Let’s suppose our black box is an element in a service, and that its interface to a core network service fails. If it has a second interface to the same core network, and if that interface can be used to satisfy its SLA “upstream”, then there black box could remedy its own failure. If it doesn’t have another interface, then it would need to report a failure “upstream”. The question is then whether the upstream box has a connection to the core that doesn’t go back through the same failed box. If it does, then it has a remedy option, and we might well consider that “parent” box and whatever “child” boxes there might be with parallel interfaces to the core to be a cooperative system, and to provide operations automation, meaning AIOps, for that system of boxes. In that case, we might see a complex hierarchy of black boxes.

It’s also possible that there might be a black box system that’s created by management alone. An SLA violation might be reported not to the data-plane interface (or not just to it) but to a management system, one that’s an AIOps entity.

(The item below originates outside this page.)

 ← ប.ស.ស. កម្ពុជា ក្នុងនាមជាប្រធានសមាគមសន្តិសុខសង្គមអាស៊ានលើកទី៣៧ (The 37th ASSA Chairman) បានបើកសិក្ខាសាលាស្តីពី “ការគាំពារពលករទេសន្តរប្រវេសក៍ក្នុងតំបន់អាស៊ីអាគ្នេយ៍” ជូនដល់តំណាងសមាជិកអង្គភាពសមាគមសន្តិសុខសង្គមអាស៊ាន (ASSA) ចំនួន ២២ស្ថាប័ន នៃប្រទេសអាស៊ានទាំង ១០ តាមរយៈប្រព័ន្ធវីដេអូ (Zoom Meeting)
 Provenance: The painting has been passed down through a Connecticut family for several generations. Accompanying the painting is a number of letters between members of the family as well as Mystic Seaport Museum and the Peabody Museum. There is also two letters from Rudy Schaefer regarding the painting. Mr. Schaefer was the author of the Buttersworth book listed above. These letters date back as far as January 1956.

In that case, the span of control of that management system would determine the boundary of the cooperative system, because it’s the thing that’s inducing the cooperation.

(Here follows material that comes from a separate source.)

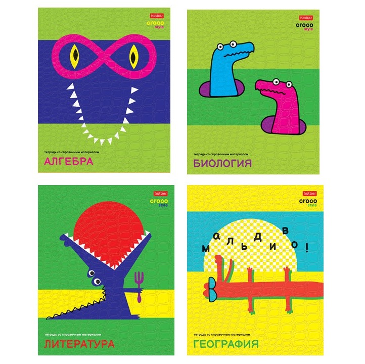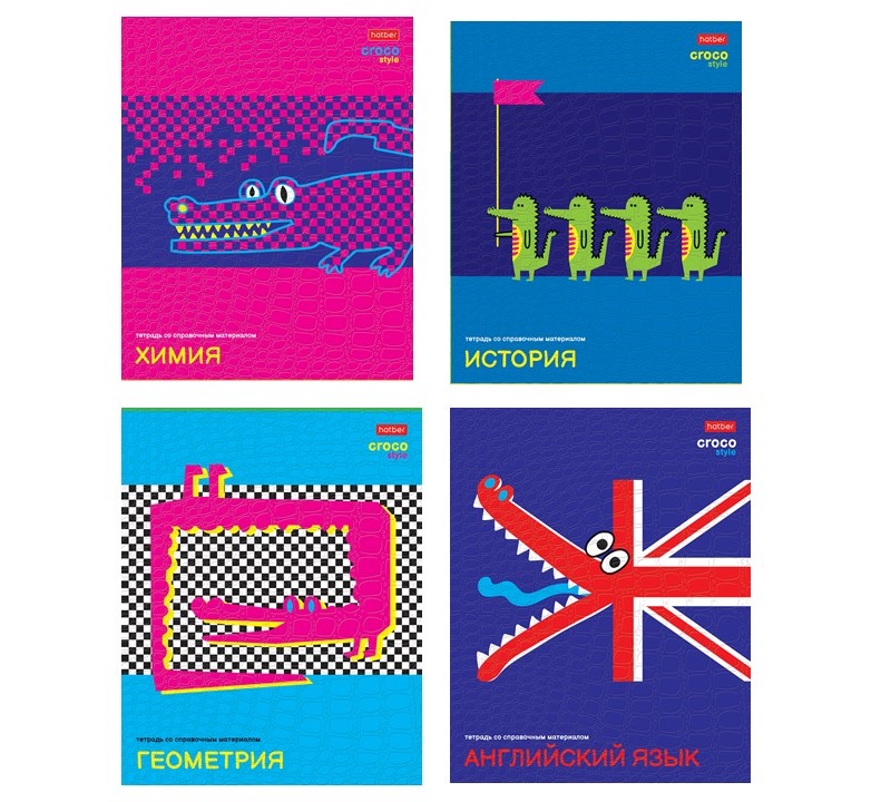 И первые, конечно, знаменитые уже крокодилы — главные герои серии CROCO. Яркие, забавные, кислотных цветов, они заставляют обратить на себя внимание. Дизайнеры Hatber придумали очень интересные образы кроко-персонажей. Ещё одним плюсом в копилку серии CROCO стало тиснение обложки под кожу крокодила. Такое решение добавляет стиля и реалистичности задуманному концепту.

The purpose of this structure is to string AIOps elements in the mesh of things that form the infrastructure being managed, an infrastructure almost surely bound together with a network. These elements would be charged with ensuring that the subordinate black boxes under their control met their overall SLA. And, of course, there would be an AIOps element sitting at the top of the hierarchy. However, rather than being expected to understand all the pieces of that mesh of things, it only has to understand the properties of the black boxes just below it in the hierarchy. These boxes need to understand what’s below them, and so forth until we reach the bottom.

Effective AIOps depends on intent modeling, and intent modeling isn’t just defining black boxes that represent modeled elements, it’s also defining the way these black boxes are organized into a cooperative hierarchy. The “model” is as important as the “intent”. This reduces the burden on each AIOps element, and it also permits the elements to be specialized to the specific infrastructure components they’re expected to control. As you rise in the hierarchy, the elements could become more generalized, since their mission would usually be one of finding alternatives to a primary element that had failed.

The approach I’ve described also provides for the use of AIOps in testing and rehabilitation of assets, and for broader-level diagnosis of the health of the system overall. A specialized tool could be “connected” to a separate management channel to do this, and that channel could (like the data interfaces) represent either a pathway to specific real assets or to an AIOps element there, prepared to act on behalf of the generalized higher-level tool Testing and rehab, then, would be managed through the same sort of AIOps hierarchy as overall operations, though not necessarily one with the same exact structure.

We may be heading toward the notion of having AI deployed in a network or compute structure that’s hierarchical, but that doesn’t mean that we have a hierarchy of intent models or even that we have intent models at all. There’s not enough formalism with respect to the relationship between clusters of technology elements, their management tools, and the management of the entire infrastructure…at least not yet. Some vendors are making progress toward a holistic management vision, and such a vision is just as critical for AIOps as AI is itself.